What is needed ▸ All of the material must be duplicated exactly, line by line.

-- Input for this task follows --

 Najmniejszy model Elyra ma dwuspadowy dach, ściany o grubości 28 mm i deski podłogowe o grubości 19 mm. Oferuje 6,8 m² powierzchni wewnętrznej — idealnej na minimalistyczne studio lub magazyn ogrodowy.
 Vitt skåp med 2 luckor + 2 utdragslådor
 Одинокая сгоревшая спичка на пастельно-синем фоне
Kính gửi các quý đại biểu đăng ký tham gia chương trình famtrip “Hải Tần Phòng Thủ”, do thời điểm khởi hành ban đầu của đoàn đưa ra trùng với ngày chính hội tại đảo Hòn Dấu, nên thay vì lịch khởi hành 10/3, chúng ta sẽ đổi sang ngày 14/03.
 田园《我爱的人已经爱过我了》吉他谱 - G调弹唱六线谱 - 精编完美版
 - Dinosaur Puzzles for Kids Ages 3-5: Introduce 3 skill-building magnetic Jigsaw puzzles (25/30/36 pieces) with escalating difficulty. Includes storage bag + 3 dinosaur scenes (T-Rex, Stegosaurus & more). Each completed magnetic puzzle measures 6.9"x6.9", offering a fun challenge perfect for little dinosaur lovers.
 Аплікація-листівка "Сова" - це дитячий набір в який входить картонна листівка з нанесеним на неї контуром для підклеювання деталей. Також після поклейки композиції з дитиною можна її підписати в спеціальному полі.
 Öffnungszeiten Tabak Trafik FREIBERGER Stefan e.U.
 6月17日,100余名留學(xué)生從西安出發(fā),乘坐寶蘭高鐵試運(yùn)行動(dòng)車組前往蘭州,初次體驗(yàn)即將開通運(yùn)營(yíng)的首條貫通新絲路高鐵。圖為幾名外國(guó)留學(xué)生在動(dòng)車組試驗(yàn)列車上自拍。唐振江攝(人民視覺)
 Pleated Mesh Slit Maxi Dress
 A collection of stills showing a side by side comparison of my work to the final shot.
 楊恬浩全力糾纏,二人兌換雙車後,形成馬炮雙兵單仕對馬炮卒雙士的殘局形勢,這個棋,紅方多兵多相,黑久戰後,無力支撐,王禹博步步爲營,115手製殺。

-- Input for this task concluded --

Result ▸
 Najmniejszy model Elyra ma dwuspadowy dach, ściany o grubości 28 mm i deski podłogowe o grubości 19 mm. Oferuje 6,8 m² powierzchni wewnętrznej — idealnej na minimalistyczne studio lub magazyn ogrodowy.
 Vitt skåp med 2 luckor + 2 utdragslådor
 Одинокая сгоревшая спичка на пастельно-синем фоне
Kính gửi các quý đại biểu đăng ký tham gia chương trình famtrip “Hải Tần Phòng Thủ”, do thời điểm khởi hành ban đầu của đoàn đưa ra trùng với ngày chính hội tại đảo Hòn Dấu, nên thay vì lịch khởi hành 10/3, chúng ta sẽ đổi sang ngày 14/03.
 田园《我爱的人已经爱过我了》吉他谱 - G调弹唱六线谱 - 精编完美版
 - Dinosaur Puzzles for Kids Ages 3-5: Introduce 3 skill-building magnetic Jigsaw puzzles (25/30/36 pieces) with escalating difficulty. Includes storage bag + 3 dinosaur scenes (T-Rex, Stegosaurus & more). Each completed magnetic puzzle measures 6.9"x6.9", offering a fun challenge perfect for little dinosaur lovers.
 Аплікація-листівка "Сова" - це дитячий набір в який входить картонна листівка з нанесеним на неї контуром для підклеювання деталей. Також після поклейки композиції з дитиною можна її підписати в спеціальному полі.
 Öffnungszeiten Tabak Trafik FREIBERGER Stefan e.U.
 6月17日,100余名留學(xué)生從西安出發(fā),乘坐寶蘭高鐵試運(yùn)行動(dòng)車組前往蘭州,初次體驗(yàn)即將開通運(yùn)營(yíng)的首條貫通新絲路高鐵。圖為幾名外國(guó)留學(xué)生在動(dòng)車組試驗(yàn)列車上自拍。唐振江攝(人民視覺)
 Pleated Mesh Slit Maxi Dress
 A collection of stills showing a side by side comparison of my work to the final shot.
 楊恬浩全力糾纏,二人兌換雙車後,形成馬炮雙兵單仕對馬炮卒雙士的殘局形勢,這個棋,紅方多兵多相,黑久戰後,無力支撐,王禹博步步爲營,115手製殺。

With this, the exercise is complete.